Introduction to Ranger RAZ in Cloudera Base on premises clusters

Learn how to support Amazon S3-compatible object stores through the Ranger Remote Authorization Service (RAZ).

Cloudera Base on premises defaults to HDFS and natively supports the Ozone object store. There was limited support for Amazon S3-compatible object stores with respect to executing workloads like Hive and Spark. Not all workloads were supported from an authorization perspective on Amazon S3-compatible object stores. The inconsistent policy framework created challenges for the Policy Administrator in terms of applying corporate policies to secure sensitive data. Managing data access across teams and individuals was an architectural challenge.

The Ranger RAZ resolves this challenge by using Apache Ranger policies to authorize access to Amazon S3-compatible object storage, similar to HDFS files.

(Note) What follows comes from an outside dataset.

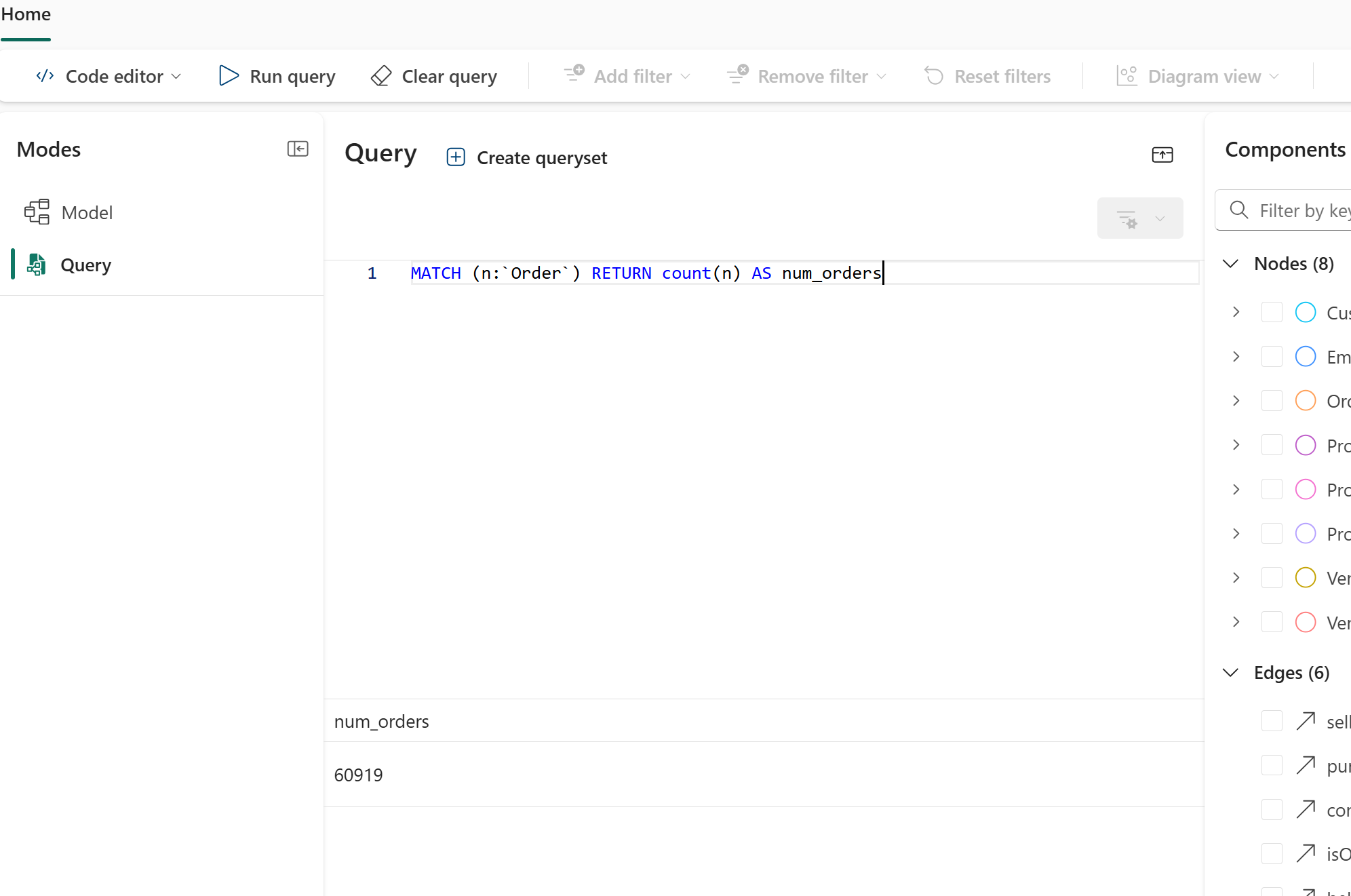 MATCH (n:`Order`) RETURN count(n) AS num_orders[ クエリの実行 ] を選択してクエリを実行します。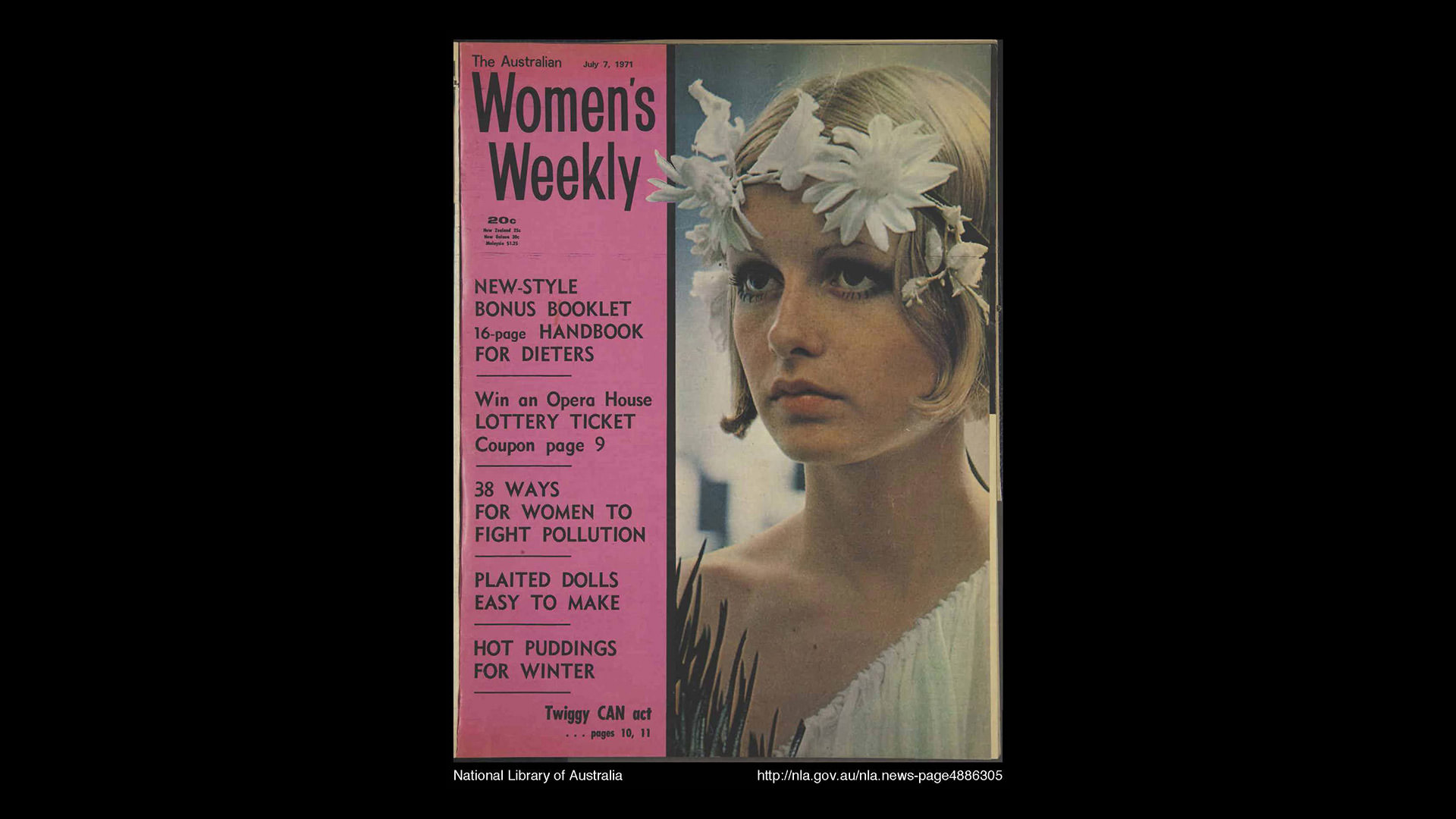 A 1971 cover of The Australian Women's Weekly, featuring the popular model Twiggy. Photo: National Library Archives

Ranger RAZ allows Ranger access control policies to be applied to external object stores. This removes the need to maintain a separate set of policies for the external object stores. Currently, this applies to the following components:
  • Hive or Impala executors
  • Spark executors
  • Data Explorer for accessing the users home and other accessible directories or transferring files.
RAZ server obtains cloud credentials from IDBroker during initialization. RAZ provides client tokens to access a cloud storage object, a file or directory. RAZ enforces access control using Cloudera cluster identities through Ranger policies. The following architectural diagram shows how RAZ integrates and interacts with other components in a RAZ-enabled Amazon S3 environment:
Figure 1. RAZ architecture


RAZ supports use cases that require access control on files or directories, including the following examples:
  • Per-user home directories.
  • Data engineering (Spark) efforts that require access to cloud storage objects and directories.
  • Data warehouse queries (Hive, Impala, or Iceberg) that use external tables.
  • Access to Ranger's rich access control policies, such as date-based access revocation and user, group, or role-based controls, along with corresponding audits.
  • Tag-based access control using the classification propagation feature that originates from directories.